Bookcraft also published some works for BYU Press, the BYU Religious Studies Center, and the LDS Church.

===Authors===
During its years as an independent company, Bookcraft published books by many notable LDS figures, including:
- LDS Church presidents and apostles: Ezra Taft Benson, Hugh B. Brown, J. Reuben Clark, Henry B. Eyring, Gordon B. Hinckley, Howard W. Hunter, Spencer W. Kimball, Harold B. Lee, Neal A. Maxwell, Bruce R. McConkie, David O. McKay, Dallin H. Oaks, Boyd K. Packer, Mark E. Petersen, LeGrand Richards, Joseph Fielding Smith, John A. Widtsoe
- Fiction & literature: Gordon T. Allred, Susan Evans McCloud, Carol Lynn Pearson, Jack Weyland, Blaine M. Yorgason, Brenton G. Yorgason
- Scholars & historians: Hyrum L. Andrus, Leonard J. Arrington, Milton V. Backman, Lowell L. Bennion, Susan Easton Black, Eugene England, Richard Neitzel Holzapfel, Milton R. Hunter, Arthur Henry King, Daniel H. Ludlow, N. B. Lundwall, Truman G. Madsen, Robert J. Matthews, Joseph Fielding McConkie, Robert L. Millet, Hugh W. Nibley, Preston Nibley, Stephen E. Robinson, W. Cleon Skousen, Sidney B. Sperry, John W. Welch
- Popular authors: Duane S. Crowther, Paul H. Dunn, George D. Durrant, Richard M. Eyre, Vaughn J. Featherstone, Bruce C. Hafen, Bryant S. Hinckley, Oscar W. McConkie, Chieko Okazaki, Marvin Payne, S. Michael Wilcox
- National figures: Shawn Bradley, Orson Scott Card, Stephen R. Covey, Henry Eyring, Dale Murphy

===Films===
Some Bookcraft books have been adapted into movies.
- The Christmas Wish (1998) – CBS made Richard M. Siddoway's novel into a made for TV holiday special.
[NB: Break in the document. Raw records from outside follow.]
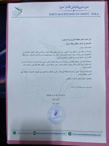 وقال حزب موريتانيا إلى الأمام إن حاكم مقاطعة تفرغ زينه، رفضت منح الترخيص لهم لتنظيم وقفة احتجاجية دون تقديم مبرر كافٍ، مكتفية بالقول إنها لن ترخص لأي وقفة في هذا التوقيت.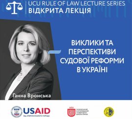 Центр верховенства права Школи права Українського католицького університету (УКУ), грантер Програми USAID «Нове правосуддя», організовує лекцію Ганни Вронської – судді Верховного Суду. Пані Вронська представить презентацію на тему «Виклики та перспективи судової реформи в Україні» у рамках Серії відкритих лекцій «Правовладдя». Захід покликаний сприяти вдосконаленню якості юридичної освіти шляхом використання сучасних методів навчання та підвищення обізнаності про наскрізні питання верховенства права та судової реформи. Місце проведення: Центр митрополита Андрея Шептицького УКУ, Паркова аудиторія, вул. Козельницька, 2а, Львів. Вхід вільний за умови попередньої реєстрації за посиланням: http://bit.ly/2sQbaiv.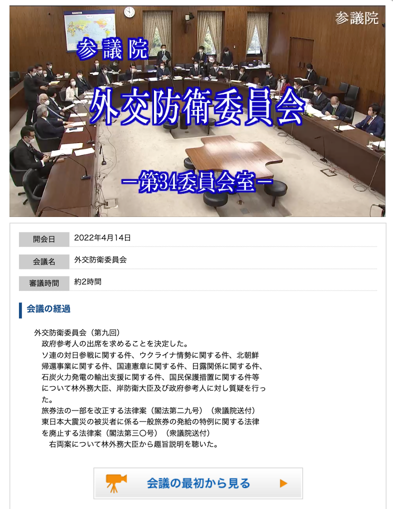 在日本参议院的网站上,可以找到这次会议的全程广播录像以及纪要。总结来说,此次会议讨论了1945年日苏战争责任归属问题、乌克兰冲突,以及朝鲜半岛局势等诸多议题。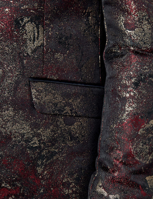 Complete the look with the matching black waistcoat featuring printed lapels and plain black trousers, making it a perfect choice for any party or special occasion.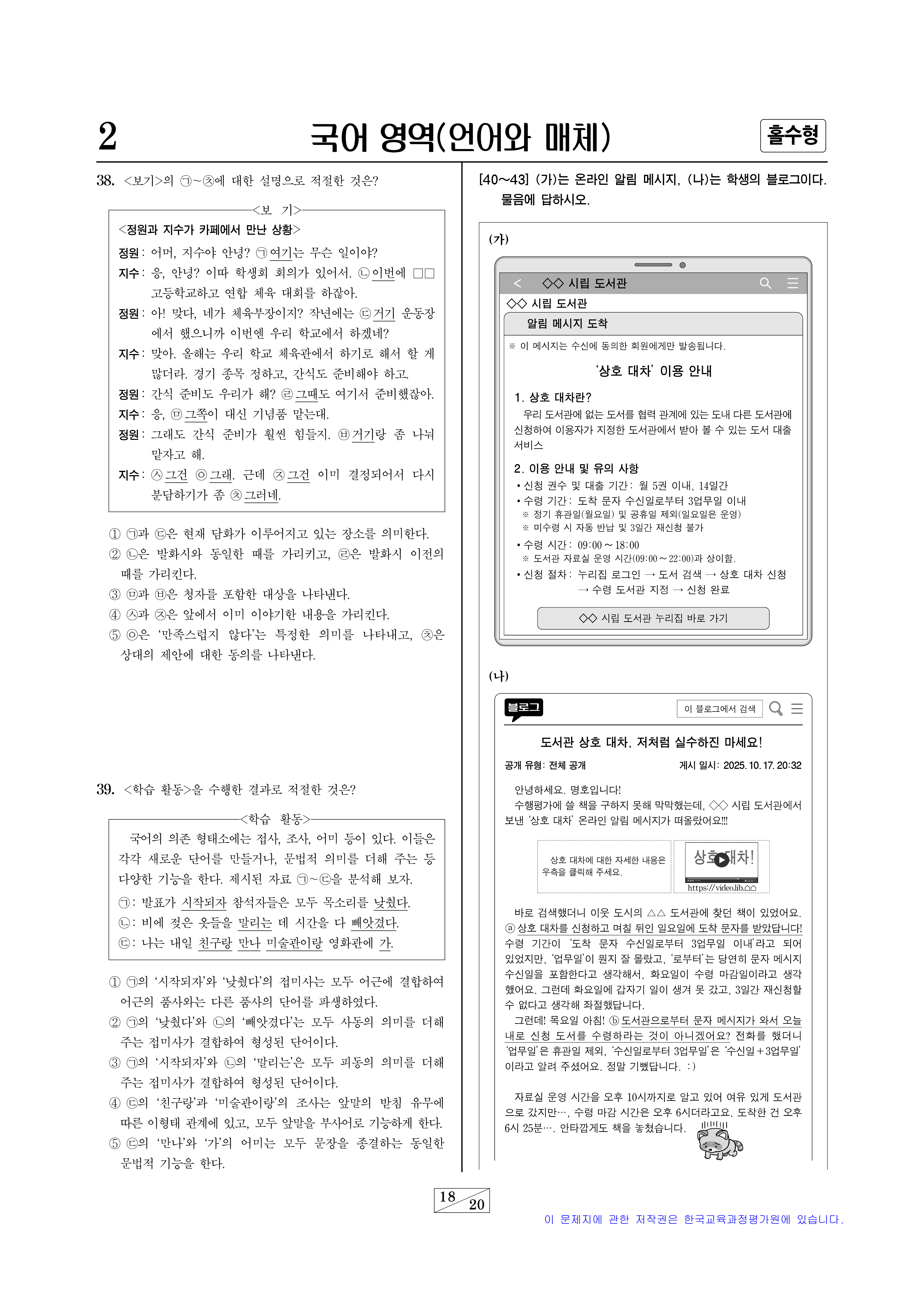 - 독서: 정보량 많은 과학·인문 복합 지문, 논리력 중심 평가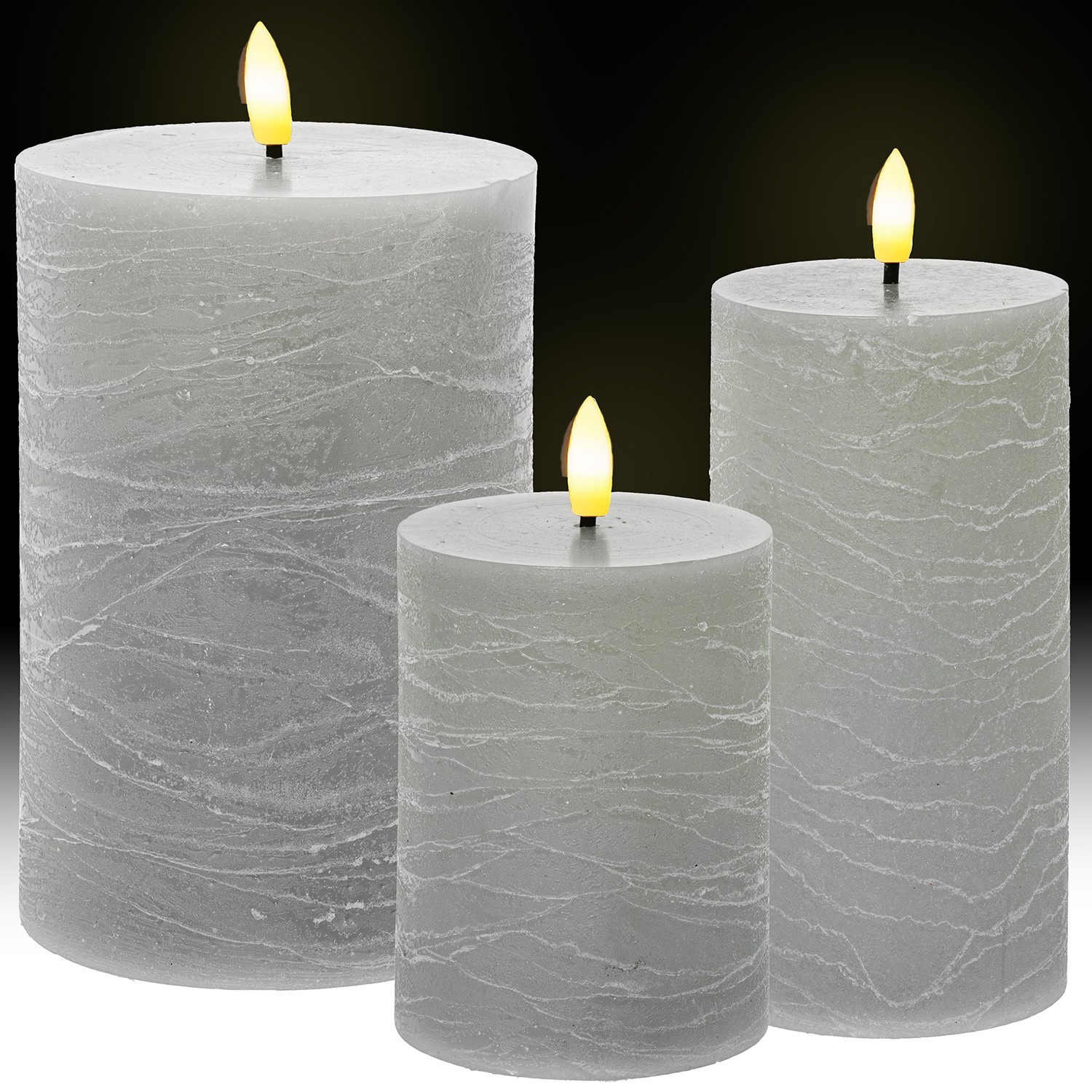 Vela De Cera Led De Cor Cinza (1 Controlo Para Cada 4 Velas)_ø10x20cm, Pilhas:2xaa Não Incluídas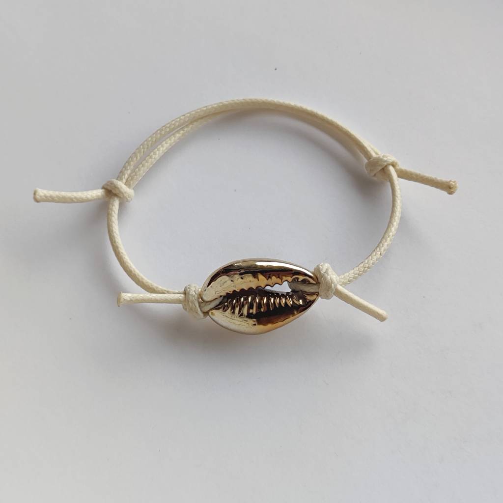 MUSZLE – zabawny dodatek. Ciekawy dodatek przykuwają uwagę i zaskakuje wzornictwem. Tak bransoletka sprawi, że każda stylizacja nabierze niepowtarzalnego, fantazyjnego charakteru. Bransoletka wykonana jest z Muszelki Kauri cięte platerowane metalik 20mm , ozdobny sznurek.

Originally a Bookcraft title, the latest edition was published by Crown Publishers.
- In the Eye of the Storm (2001) – Director Mitch Davis bought the rights to John H. Groberg's 1993 memoir of his Tongan mission and created The Other Side of Heaven, which was distributed by The Walt Disney Company.
- The Work and the Glory (2004–2006) – Gerald N. Lund's very successful historical fiction series about early Mormons was adapted into three movies: The Work and the Glory (2004), The Work and The Glory: American Zion (2005), and The Work and The Glory: A House Divided (2006), distributed by Excel Entertainment Group.